Rigorous yet slightly cuckoo systems applied to disorderly human things appear throughout July’s work. In her film The Amateurist, 1998, and performance Love Diamond, 1998/2000, for example, characters deliver precise instructions for absurd activities interspersed with free-floating management and self-help jargon. In these seemingly inexplicable surveillance projects, July plays the part of both watcher and watched, instructor and receiver, with funny and usually discomfiting results. She deals in a kind of dim fear and inadvertent humor that (as in Kafka) stems from a shifting combination of the specific and the vague.

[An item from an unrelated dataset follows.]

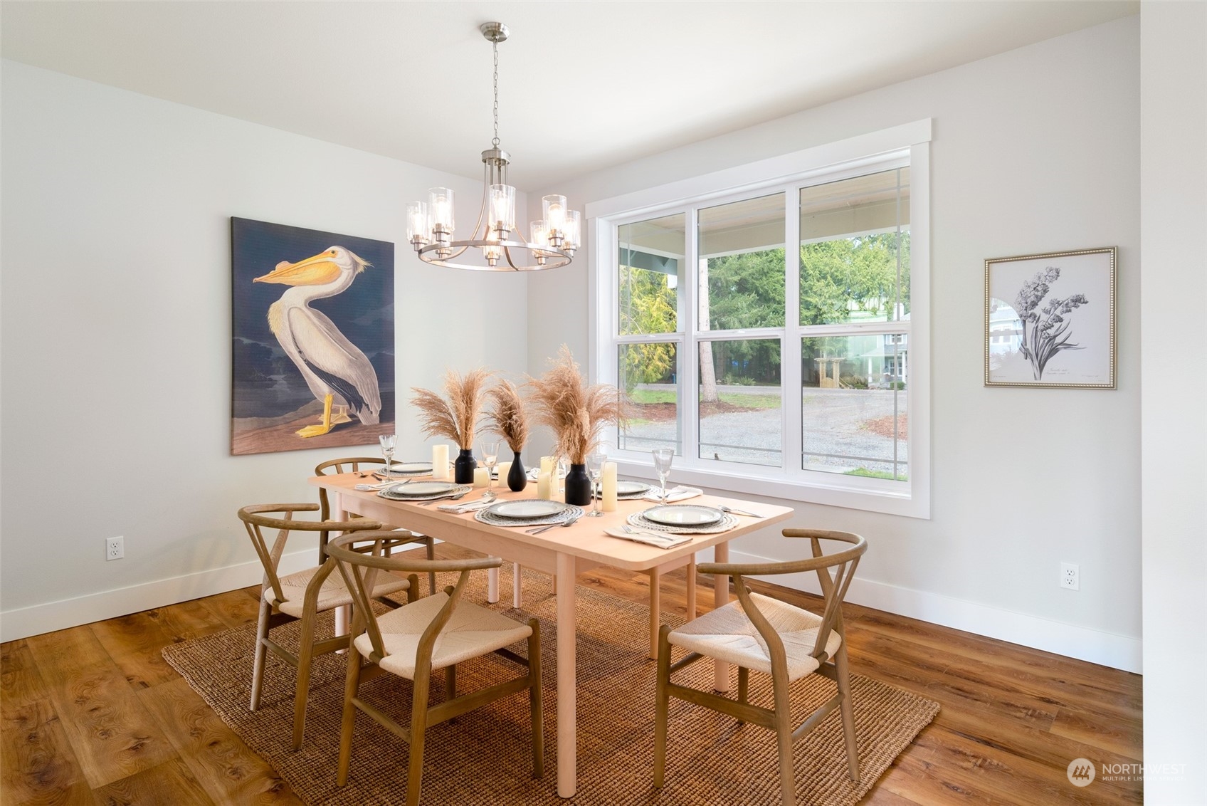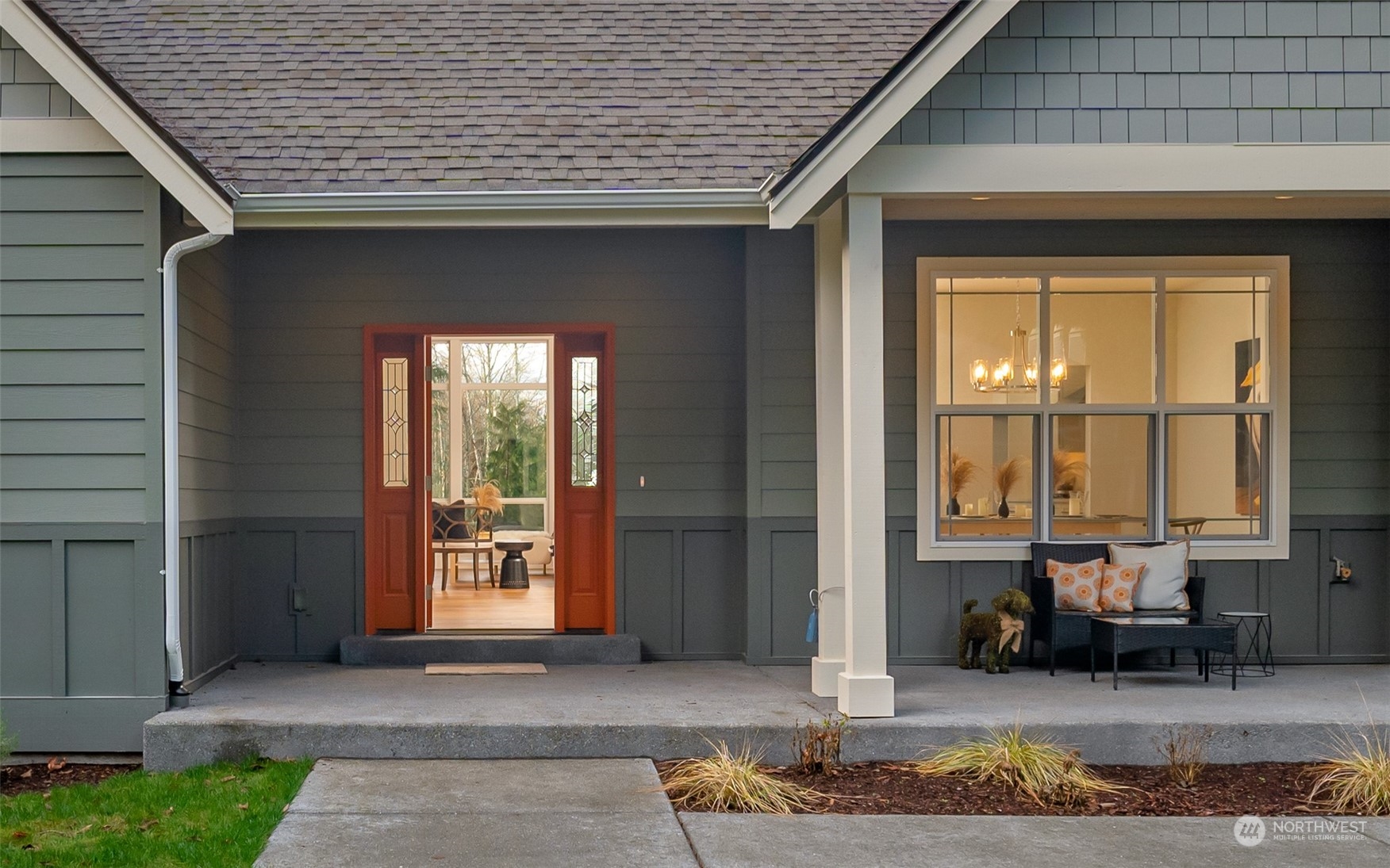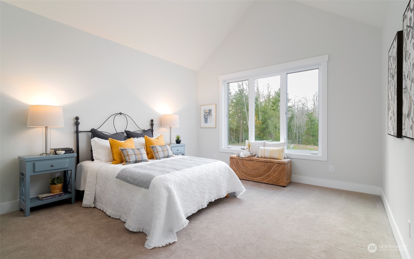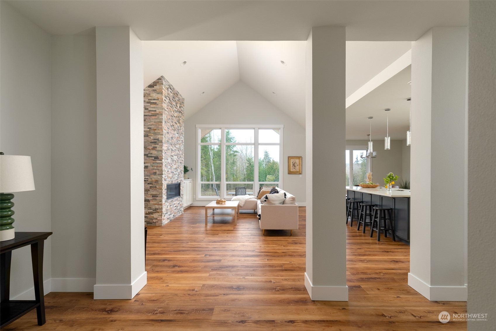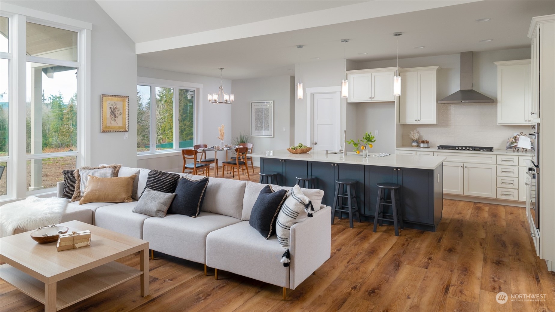 A winning combination - New construction on a tranquil 3+ acres just minutes to ferries. This peach, by Central Sound Construction, was created for discerning buyers searching for one level living with stylish finishes. This floorplan's flow gets an A+ & you will love the stunning great room with it's vaulted ceilings, floor to ceiling stone hearth, abundant windows & a deluxe Chef's kitchen with a pretty dining nook. The attractive entry is flanked by an office & formal dining room & the large, level yard can be enjoyed from the covered patio. A spacious, deluxe primary suite boasts a gorgeous, ensuite bath. 2 additional bedrooms grace the main floor. Media/bonus room, 3 car garage, heat pump & tankless hot water, partial mountain view.

In the work on view here, this dualism is channeled into an animated tension between dot and image. The subjects of the photographs grab at what’s behind the dots and cry because of what’s going on beneath them. The dots come across as protective, as though whatever they conceal were too tender to be seen, but they also make us wonder whether the action in the image was ever available to us in the first place. The dots make our relationship to what we see more provisional and active, and at times transmit a selective bossiness, directing attention to details we thought had no importance. In Not Tonight, 2003, a child who looks a lot like July points at something outside the frame, while another girl huddles over a small burgeoning cluster of orange dots. Despite the first child’s command of the image, we are made to understand where the real action is.

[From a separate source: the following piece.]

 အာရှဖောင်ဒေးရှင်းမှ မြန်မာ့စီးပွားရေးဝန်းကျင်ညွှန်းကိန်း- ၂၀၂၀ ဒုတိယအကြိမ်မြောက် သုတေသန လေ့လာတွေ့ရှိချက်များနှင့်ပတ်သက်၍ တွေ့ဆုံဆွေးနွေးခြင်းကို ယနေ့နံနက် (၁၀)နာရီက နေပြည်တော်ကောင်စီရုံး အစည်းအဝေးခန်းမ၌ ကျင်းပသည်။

In some pieces, the dots seem to stand for unseen energy made visible—as in the line of them snaking toward a group of unaware hikers. Something similar can be found in July’s film Nest of Tens, 2000 (which was included in the 2002 Whitney Biennial), in which people walking through an airport drag lines of light behind them. In Haysha Royko, 2003, a new video included in this show, three people (also in an airport) sit with greater or lesser degrees of self-consciousness while amorphous, auralike forms flit and shape-shift around them. Like the orange-dot pictures, Haysha Royko combines a sense of cheerful expediency (simply outlining what’s already there) with a sort of daffy mysticism (pointing out what clearly isn’t there) to create a system we can hardly decipher but instinctively understand.